**Task to carry out:** Please, from the entries below, transcribe exactly the lines that begin at the line with "реабілітації за кордоном." and end at the line with "От Алтайского заповедника", without the pictures.

**Data:**
*****
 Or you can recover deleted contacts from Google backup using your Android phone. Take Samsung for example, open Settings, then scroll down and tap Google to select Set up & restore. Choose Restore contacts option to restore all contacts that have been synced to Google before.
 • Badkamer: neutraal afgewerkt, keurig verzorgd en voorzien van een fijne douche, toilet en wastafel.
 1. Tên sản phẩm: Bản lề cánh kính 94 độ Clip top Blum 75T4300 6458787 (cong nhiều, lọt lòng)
*****
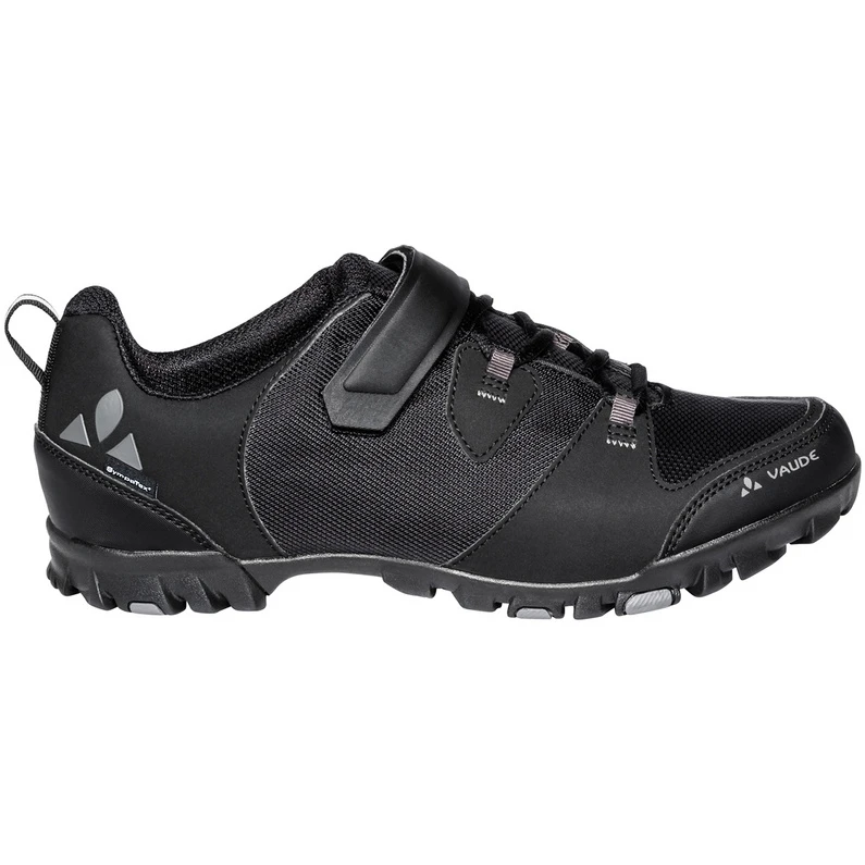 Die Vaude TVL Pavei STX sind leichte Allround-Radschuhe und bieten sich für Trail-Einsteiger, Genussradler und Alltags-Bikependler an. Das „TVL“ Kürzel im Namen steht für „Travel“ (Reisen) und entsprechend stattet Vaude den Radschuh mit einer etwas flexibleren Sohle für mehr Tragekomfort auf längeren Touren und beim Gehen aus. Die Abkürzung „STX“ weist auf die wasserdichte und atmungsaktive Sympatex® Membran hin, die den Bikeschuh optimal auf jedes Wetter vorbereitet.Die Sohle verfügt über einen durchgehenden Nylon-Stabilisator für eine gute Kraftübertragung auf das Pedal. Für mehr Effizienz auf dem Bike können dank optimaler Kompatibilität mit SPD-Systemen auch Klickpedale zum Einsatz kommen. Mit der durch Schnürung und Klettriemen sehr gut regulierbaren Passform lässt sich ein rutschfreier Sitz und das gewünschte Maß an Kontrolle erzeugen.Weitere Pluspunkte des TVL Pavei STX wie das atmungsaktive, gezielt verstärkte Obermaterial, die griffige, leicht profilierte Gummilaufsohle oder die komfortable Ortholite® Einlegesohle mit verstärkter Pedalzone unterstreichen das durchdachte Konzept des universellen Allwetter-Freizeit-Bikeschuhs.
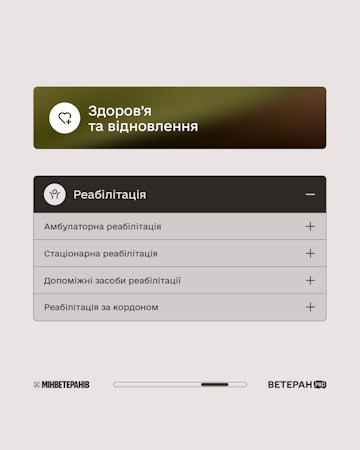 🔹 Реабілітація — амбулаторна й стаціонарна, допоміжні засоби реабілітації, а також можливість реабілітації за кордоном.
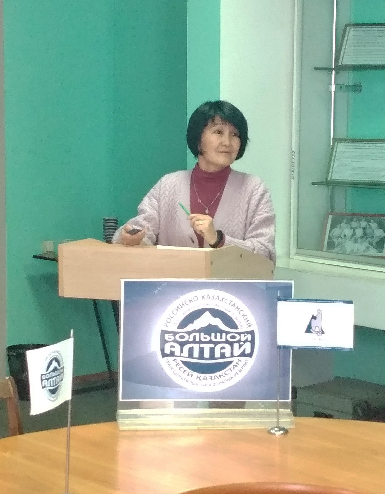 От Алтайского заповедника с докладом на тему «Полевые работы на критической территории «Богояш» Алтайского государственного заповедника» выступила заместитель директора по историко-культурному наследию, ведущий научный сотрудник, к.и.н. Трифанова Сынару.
*****
**Solution to this problem:**
 🔹 Реабілітація — амбулаторна й стаціонарна, допоміжні засоби реабілітації, а також можливість реабілітації за кордоном.
 От Алтайского заповедника с докладом на тему «Полевые работы на критической территории «Богояш» Алтайского государственного заповедника» выступила заместитель директора по историко-культурному наследию, ведущий научный сотрудник, к.и.н. Трифанова Сынару.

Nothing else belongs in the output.